I don’t think it will be an issue because it’s not front-page news. You’re more likely to have important components in American opinion, New York Times, Washington Post, say it’s the right decision because it has a bearing on the freedom of the media.
Just before the PM stepped up for his press conference, former NSW premier and foreign minister Bob Carr was on ABC News talking about Julian Assange.
Carr said he believed Albanese had a good enough relationship with Washington to call the US president, Joe Biden, and have a discussion on Assange.
But interestingly enough, Carr said the reason to do this was to preserve “Australian public support for the US alliance”. He said that if Australians saw Assange “in chains”, there would be a “big reaction”:
The key argument is about Australian public support for the US alliance. And all that goes with that. If the Australian public see an Australian being persecuted in this fashion, if they see footage of Assange in chains, taken out on the tarmac to be put on a CIA aircraft and taken to the US for trial, one that will be allegedly stacked against him, and then imprisonment in a very harsh US federal penitentiary, there will be a big reaction.
This will be reflected in the teal and third party sentiment revealed in the last election. You would see how Australians would see that Chelsea Manning got off with a pardon, a commutation, but the Australian who published material given to him by the brave Chelsea Manning is being persecuted and will face life in prison.
That will ignite Australian public opinion. If you want to see the demonstrations and the questions of how the alliance is working in practice, proceed with this.
My strong advice to American friends is quietly let this go, otherwise you’ll feel a hostility to the way the Australian-American alliance works, that isn’t in the interests of either country.
This is a simmering issue with the Australian public.

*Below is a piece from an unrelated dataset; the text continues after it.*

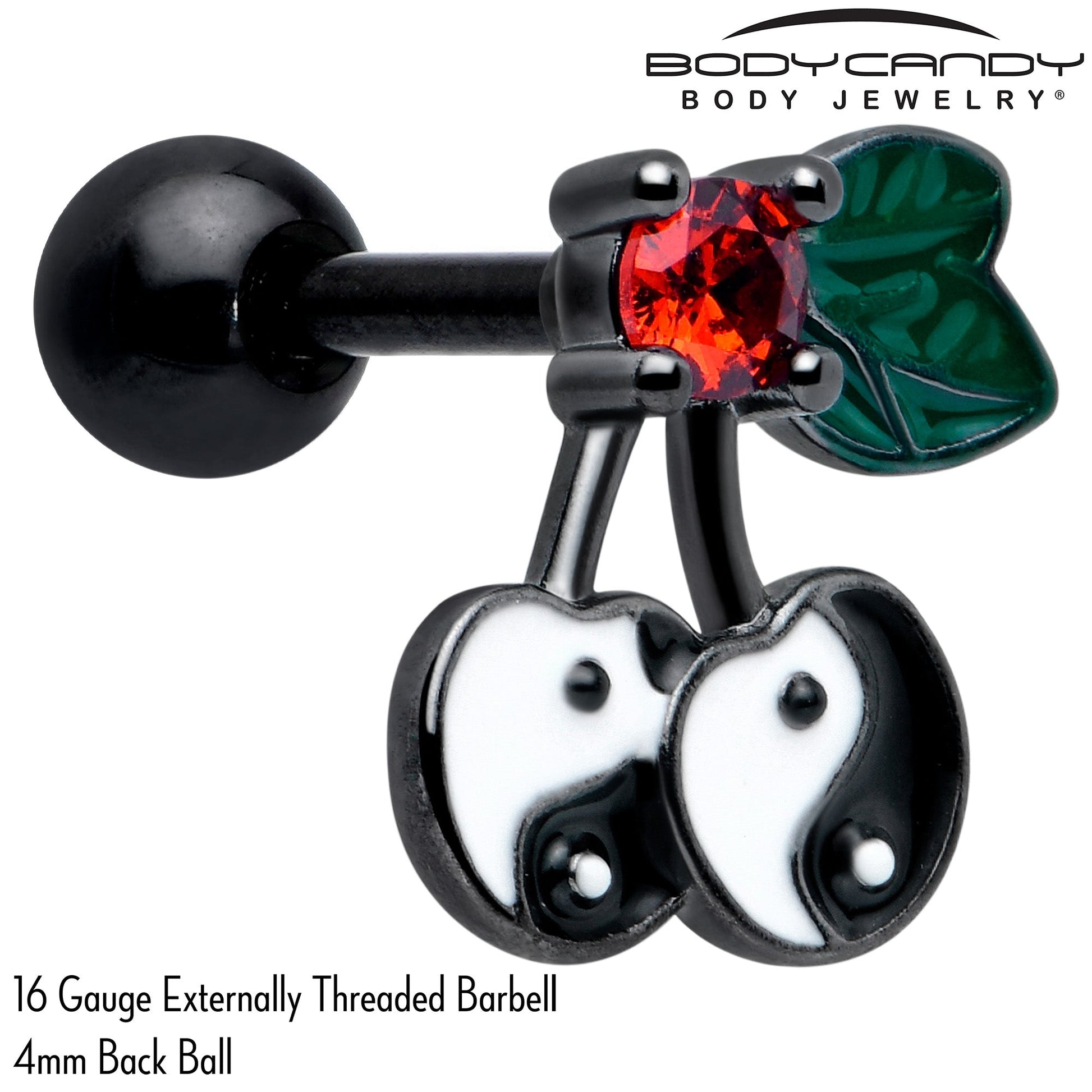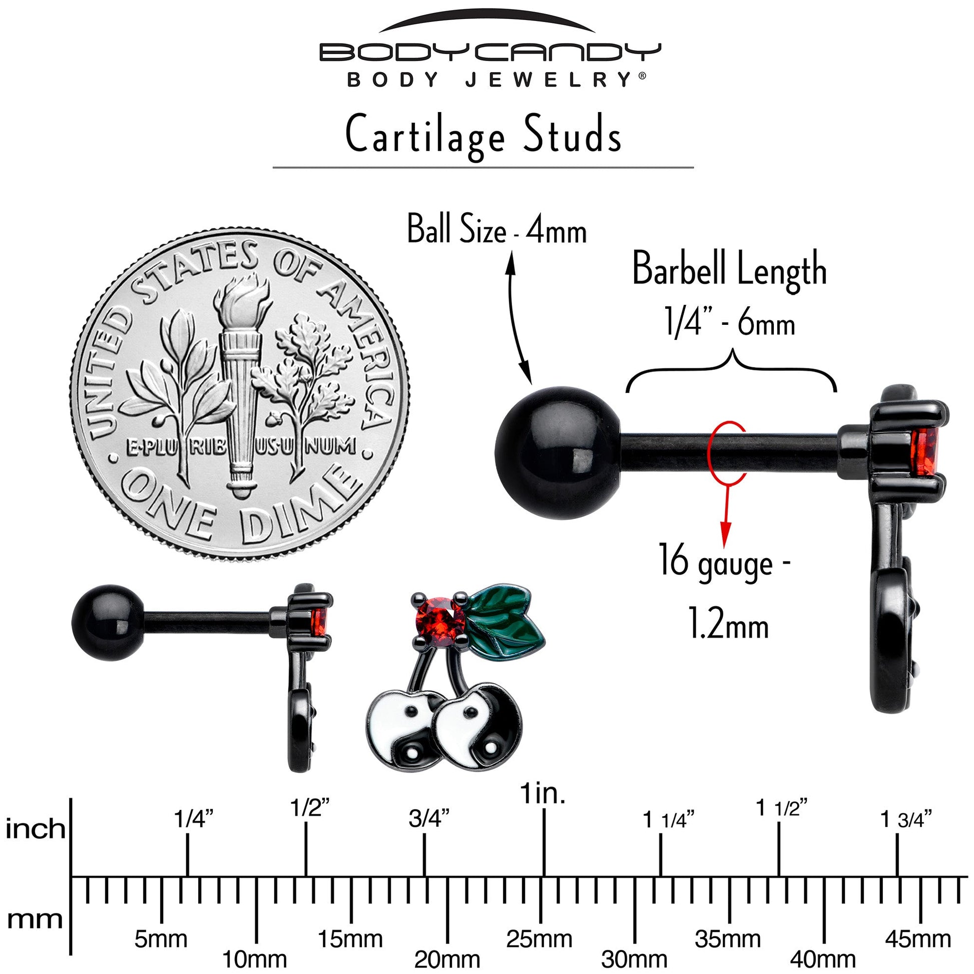 Get a whimsical look with a spiritual touch with this 16 gauge tragus stud. It is made with a 6mm black PVD over 316L surgical grade stainless steel straight barbell with a 4mm ball end. It features a cherries charm with a red cubic zirconia gem embellishment. The cherry fruit are feature yin yang symbols, inlaid in black and white. You can even rock it in multiple piercings including tragus, helix, and some conch piercings. You are sure to love this tasty cartilage piercing jewelry all the way down to your soul.Specifications

And I think the new government is politically astute enough to realise if this comes to a trial in Virginia somewhere, and a conviction of Assange, the sheer injustice of an Australian being treated like this, where his American partner, Chelsea Manning, being pardoned, will ignite Australian public opinion in a way that would hurt the government if it were to happen.

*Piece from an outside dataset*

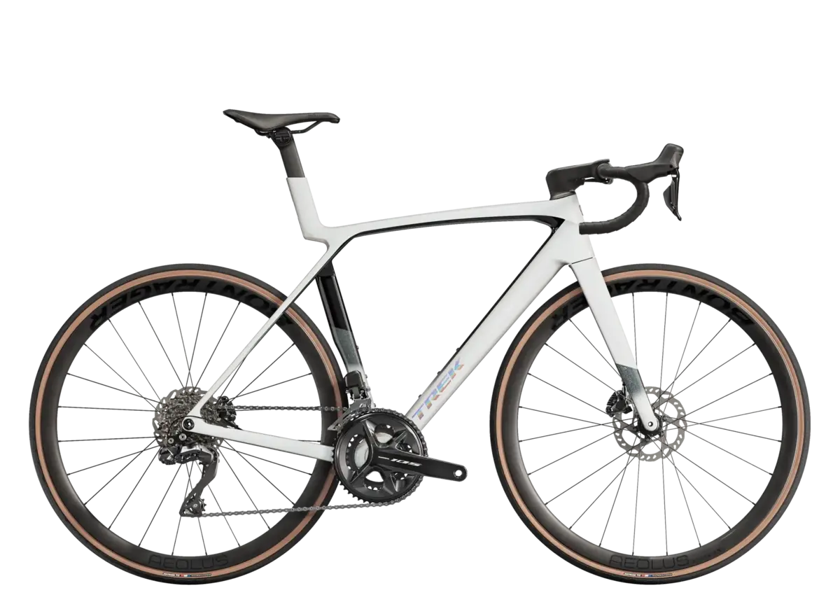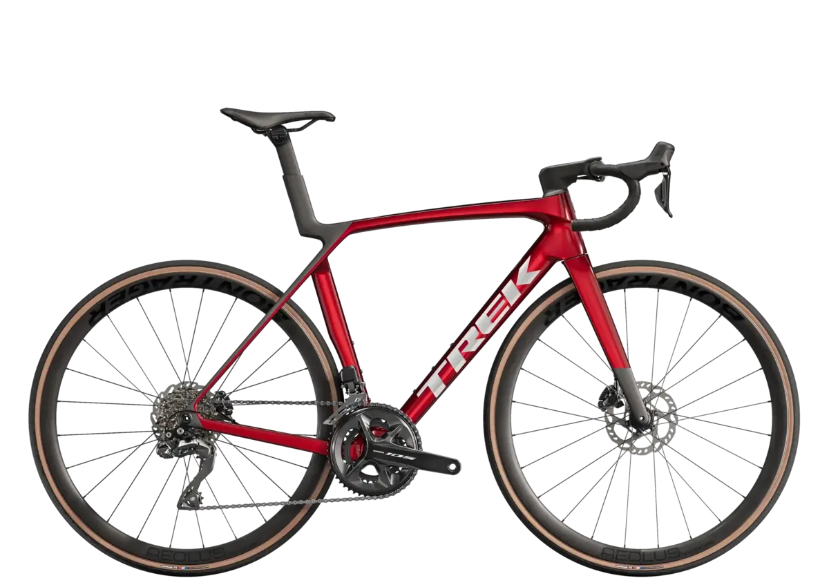 Madone SL 6 Gen 8 is a lightweight aero road bike that brings elite racing tech to a lower price point. It offers similar aero benefits to the pricier Madone SLR Gen 8, but with a more economical OCLV 500 Carbon layup and two-piece cockpit with hidden cable routing. It's built to race with geometry that keeps you comfortable on the climbs and perched for the attack. A Shimano 105 Di2 electronic groupset keeps the price down without sacrificing lightning-fast electronic shifting. Plus, it's topped off with carbon wheels for extra lightweight performance.

Issue of transgender athletes is up to sporting bodies, Albanese says
And the final question was on transgender athletes in elite sports, with Albanese only saying that the issue should not have been brought up during the election:
This is one of the reasons why this issue shouldn’t have been – there shouldn’t have been an attempt to make this a political issue during the last federal election campaign.
Guidelines are very clear that it is up to sporting bodies. They will make their decisions based upon their assessments and that is appropriate. We shouldn’t use vulnerable people, put them in a situation whereby one side or any side of politics tries to seek a political advantage over that.

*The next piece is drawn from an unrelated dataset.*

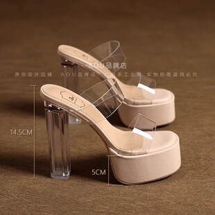15CM走秀凉拖鞋 透明高跟鞋 女夏季 恨天高防水台凉鞋 不累脚 2026新款

The Victorian premier, Daniel Andrews, is next asked about the energy crisis and capacity mechanisms, and while he reiterated that he believed the future was in renewables, he added an interesting comment on his dealings with the new energy minister:
Coal and gas are still part of our mix. Are they part of our future? I can tell you I have these companies coming to me all the time. They can’t get finance for maintenance.
We can’t have them run to the exits and leave us without the base load we need, but the time has come to stop talking about transition and to get on and make it. That is why we have a partner in Canberra who knows climate change is real, knows that the cheapest and best and most reliable form of new energy is renewable energy, [which] is so, so refreshing and so critically important.
If I can finish with this – I wasn’t at the meeting, but I have had a pretty good briefing from our energy minister. Night and day, compared to however many meetings she had to be subjected to with Angus Taylor as the minister, night and day. Chris Bowen in one meeting has done more to secure our energy future than the previous government did in nine years.